# Gaming Mouse - Budget max 1000 - 1500 Rs



## wilfred316 (Apr 30, 2017)

Hi Guyz,

My current Logitech mouse is giving right click problems.
Looking for a decent budget gaming mouse.

Price Range 1000 - 1500 Rs

Company - Any

Online purchase.

Games played - Mostly Overwatch, Doom  and Titan Fall 2

Any mouse that can give me good right and left click durability?


----------



## ankush28 (May 5, 2017)

Without any doubts: Amazon.in: Buy Logitech G102 Optical Gaming Mouse Online at Low Prices in India | Logitech Reviews & Ratings

I myself have G402, Logitech makes some of the best and sturdy gaming mouses. If your current one is under warranty, do RMA it, they will give you replacement on the spot. You can also try and stretch your budget a little to get G302.

I don't game much anymore, but G402 is by far the most ergonomically designed mouse I've ever used.


----------



## Randy_Marsh (May 9, 2017)

I've G302, used G402. +1 for G402 as per your budget.


----------



## dexterz (May 12, 2017)

The only good experience with Logitech for me was with their MX518. After that I've had a G600 and a G300s go bad due to the double click issues. G600 developed it after it went out of warranty but I got the G300s replaced on spot last week. Any mouse with good after sales service should get the job done.


----------



## cyberjunkie (May 22, 2017)

Logitechs have been reliable for me. Used the first MX518 for some 6-7 years before I got bored of using it. Using the G502 now.  The G402 is perfect for you.


----------



## Randy_Marsh (May 22, 2017)

I am sorry, I checked and found I actually own G402.
Why I checked: the middle click got kaput! It didn't even survive its first year of usage. So I raised request under warranty on the official website.


----------



## TigerKing (May 22, 2017)

G102/g203 is best choice.. for your budget.
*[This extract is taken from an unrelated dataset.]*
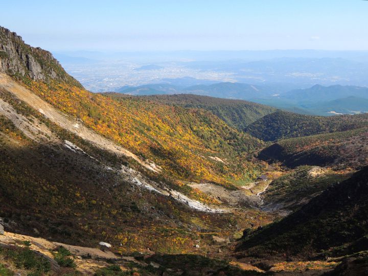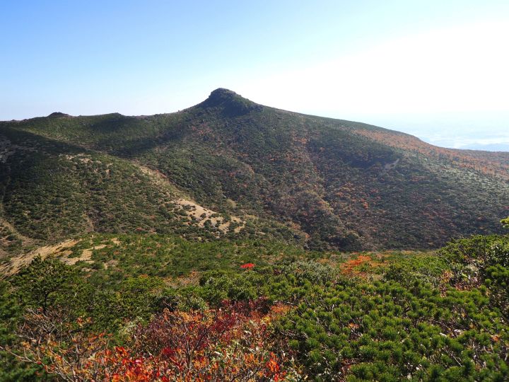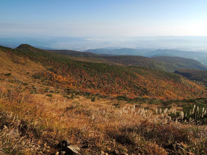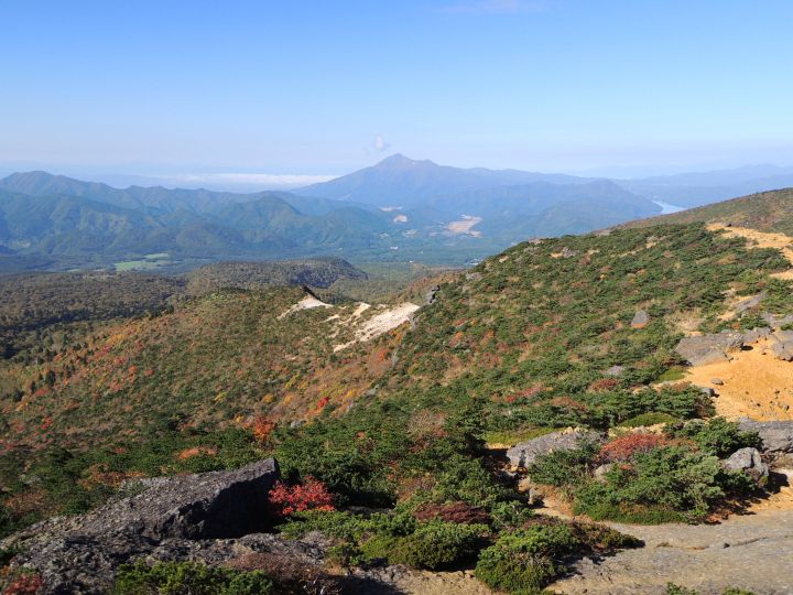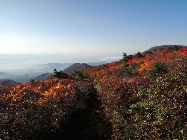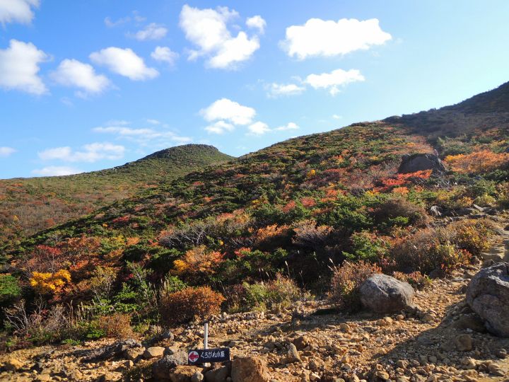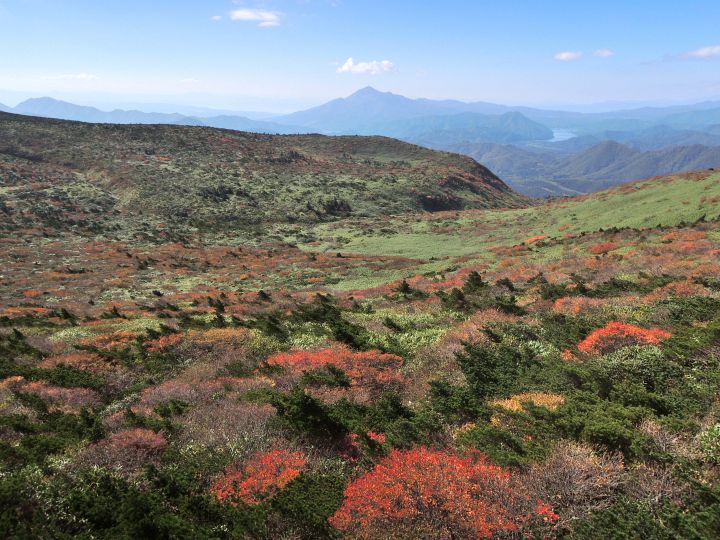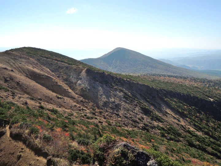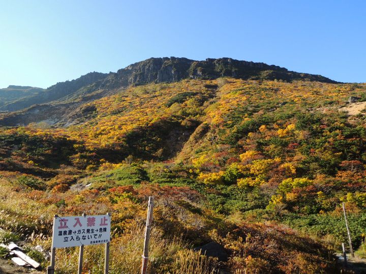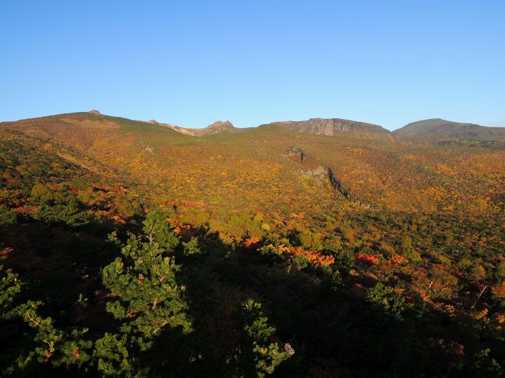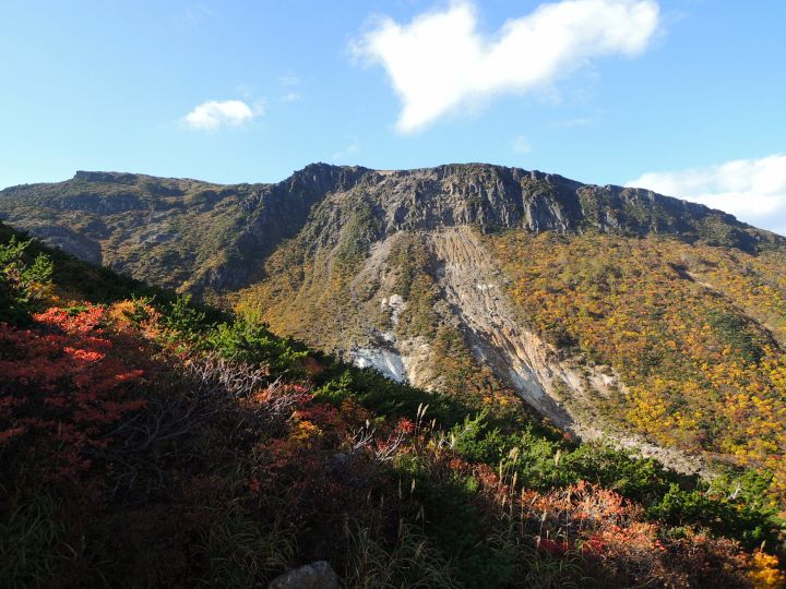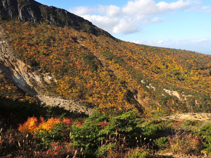 西側の斜面の紅葉。沼ノ平火口や鉄山周辺の荒々しさとは対照的な優美な景観。

Other mouse related reviews and stuff.. check this site..
Mouse Reviews by an FPS Veteran (Rocket Jump Ninja)

For finding perfect mouse for you.
Find A Mouse - Rocket Jump Ninja


----------



## Samarth 619 (Sep 23, 2017)

I don't know how you guys claim that Logitechs are reliable, while some of you are even accepting problems in them (!).
All their claims of so-called "one million clicks tested" are probably rubbish or maybe they don't have consistency in quality.

I'm a uncle-category gamer, which means not so hard a gamer, and still,
My Logitech G300 had double click issues and scroll issues, it wasn't even replaced because it was out of warranty by the time I went to Jaipur, because my city didn't have a service center,
and now, My Logitech G402 is developing middle click problems.


My suggestion would be, to try some cheap dragonwar Gaming mouse or go for some tested and more reliable Logitech, maybe a G102 or so.


----------